The hypocrisy is stark. In July, the Palestine Action Group organized a “March for Humanity” across the Sydney Harbour Bridge. Its spokesman, Josh Lees, aligned with Socialist Alternative, a revolutionary Marxist organization in Australia, declared they were on “the right side of history.” We have heard that phrase before. Germans in the 1930s said the same. If Lees truly cared about humanity, he would have denounced the mass rapes, murders and mutilations of October 7 and demanded the release of hostages. He did not.
Meanwhile, Prime Minister Albanese poses at the United Nations in favor of a Palestinian state but offers no plan to address the breakdown of social cohesion at home. Rhetoric without leadership is cowardice. Jewish Australians are now daily reminded that their safety is negotiable and that their pain can be politicized.
Another protest is scheduled for the steps of the Sydney Opera House on October 12. Organizers promise peace. Given what has occurred since October 9, 2023, that promise is implausible. Hate speech is not free speech. Incitement is not protest. We would never tolerate these slogans if they targeted any other minority, nor should we.
As Yom Kippur ends in Australia, the holiest day of the Jewish calendar, intended for reflection and atonement, we learn of a terror attack at a synagogue in Manchester. It is sadly no surprise. Those who chant hatred on the steps of the Opera House feel emboldened, not just here, but around the world.
What is at stake is not merely public order or political advantage.
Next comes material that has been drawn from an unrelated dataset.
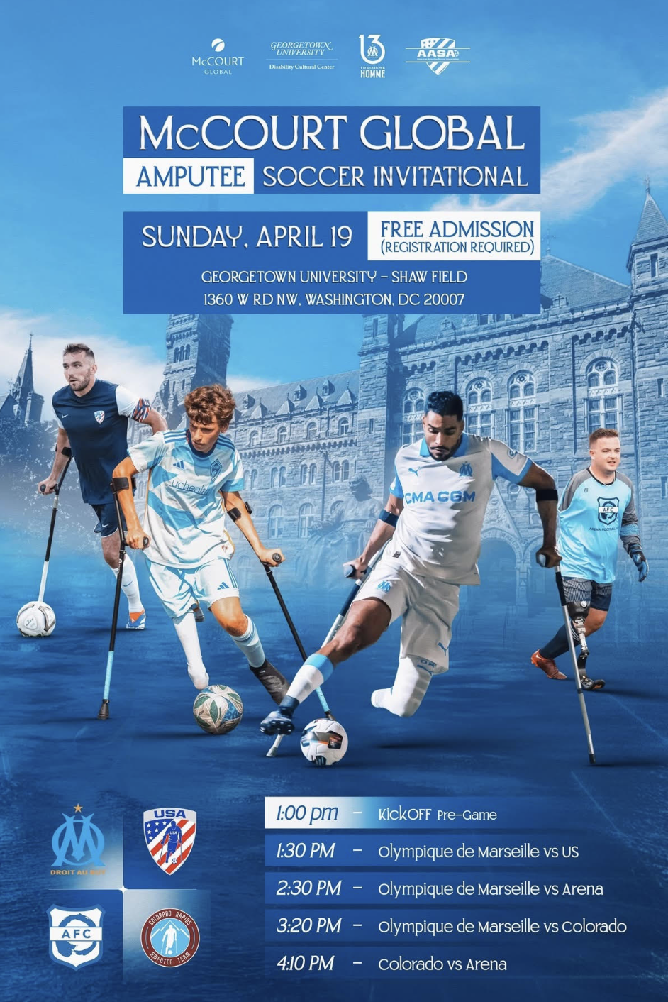 Join us for an afternoon of competition and inspiration at the McCourt Global Amputee Soccer Invitational! The inaugural McCourt Global Amputee Soccer Invitational comes to Georgetown University's Shaw Field on Sunday, April 19—bringing elite international amputee soccer to Washington, D.C. for the first time. Iconic French club Olympique de Marseille—the first in Ligue 1 to field an official amputee team—travels from the south of France to take on three American sides, including players from the U.S. Men's National Amputee Soccer Team program, the Colorado Rapids, and Arena Football Club, in a full afternoon of 7v7 competition. Fast, intense, physical, and extraordinary to watch, amputee soccer will surprise you. Come see it for yourself—we would love local individuals to come out and support/cheer on the teams!

What is at stake is the soul of Australia and of the Western world.
Bob Hawke warned: “If the bell tolls for Israel, it won’t just toll for Israel. It will toll for all mankind.” If our leaders cannot or will not recognize that, then we will have to reckon with the consequences of having let hatred go unchallenged.
This protest will not unite. It will divide. It will be filled with rage and the refrain: “How dare Israel still exist.” That message is now on our streets, outside our landmarks, and tacitly permitted by too many in power. True leadership would restore Australia’s soul and ensure this protest does not proceed.